Sec. 2. Any natural-born citizen of the Philippines
who has lost his Philippine citizenship and who
has the legal capacity to enter into a contract under
Philippine laws may be a transferee of a private
land up to a maximum area of one thousand
(1,000) square meters, in the case of urban land, or
one hectare in the case of rural land, to be used by
him as his residence. In the case of married couples,
one of them may avail of the privilege herein
granted; provided, that if both shall avail of the
same, the total area acquired shall not exceed the
maximum herein fixed.
In case the transferee already owns urban or rural
lands for residential purposes, he shall still be
entitled to be a transferee of additional urban or
rural lands for residential purposes which, when
added to those already owned by him, shall not
exceed the maximum areas herein authorized.

CRUZ, J., dissenting
The important point is that the respondent spouses
are no longer citizens of the Philippines but
naturalized Canadians. It does not follow that
because they were citizens of the Philippines when
they acquired the land, they can register it in their
name now even if they are no longer Filipino.

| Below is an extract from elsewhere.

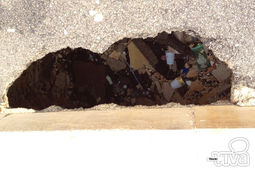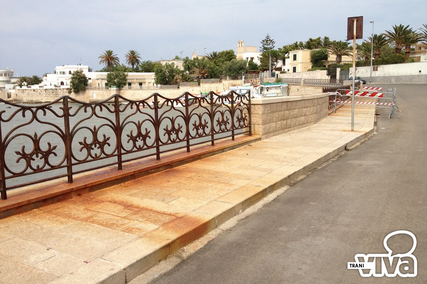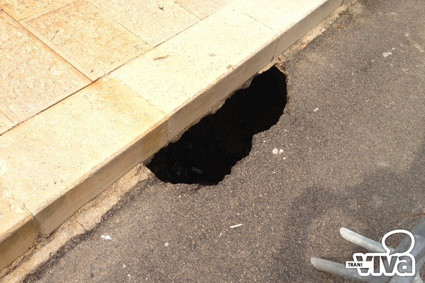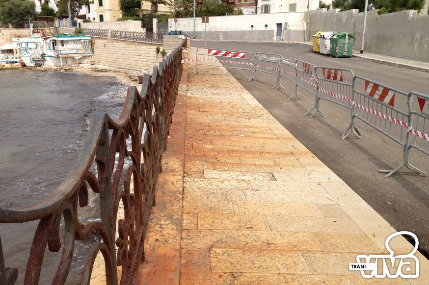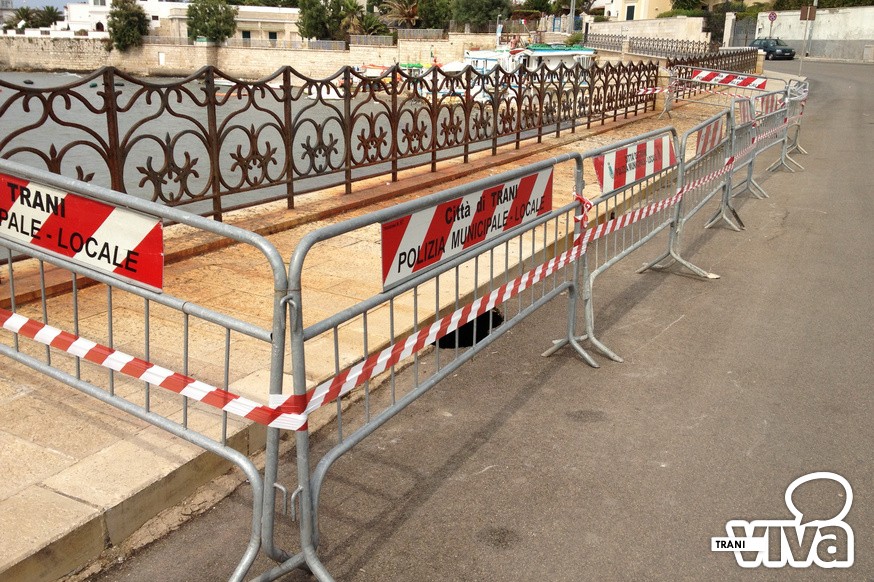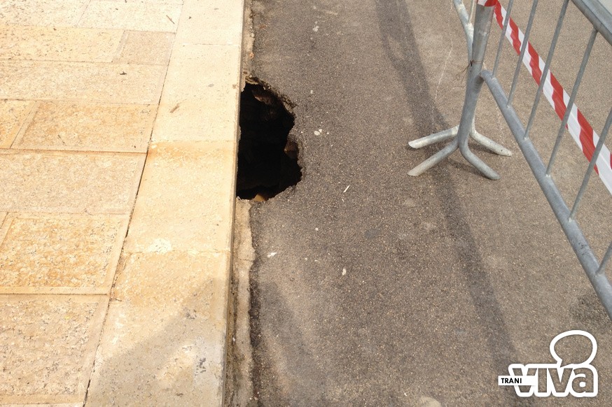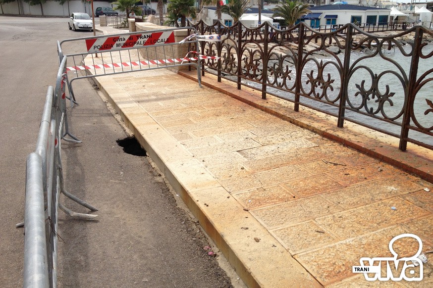Il colpo d'occhio generale è disarmante: la bianca pietra di Trani è completamente tinta di ruggine, il marciapiede è ricoperto di alghe e questo nuovo cratere, che con molta probabilità si allargherà nei prossimi giorni, è stato protetto con transenne che resteranno lì per chissà quanto tempo. Un pezzo di strada che si fa fatica a credere sia stato restaurato solo pochi anni fa dall'amministrazione Tarantini.

Strict compliance is necessary because of the special
privilege granted to former Filipinos who have
become foreigners by their own choice. If we can be
so strict with our citizens, I see no reason why we
should be less so with those who have renounced
our country.

Additional Notes:
RA 8179. FOREIGN INVESTMENT ACT
SEC. 10. Other Rights of Natural Born Citizen
Pursuant to the Provisions of Article XII, Section 8
of the Constitution. - Any natural born citizen who
has lost his Philippine citizenship and who has the
legal capacity to enter into a contract under
Philippine laws may be a transferee of a private
land up to a maximum area of five thousand
(5,000) square meters in the case of urban land or
three (3) hectares in the case of rural land to be
used by him for business or other purposes. In the
case of married couples, one of them may avail of
the privilege herein granted: Provided, That if both
shall avail of the same, the total area acquired shall
not exceed the maximum herein fixed.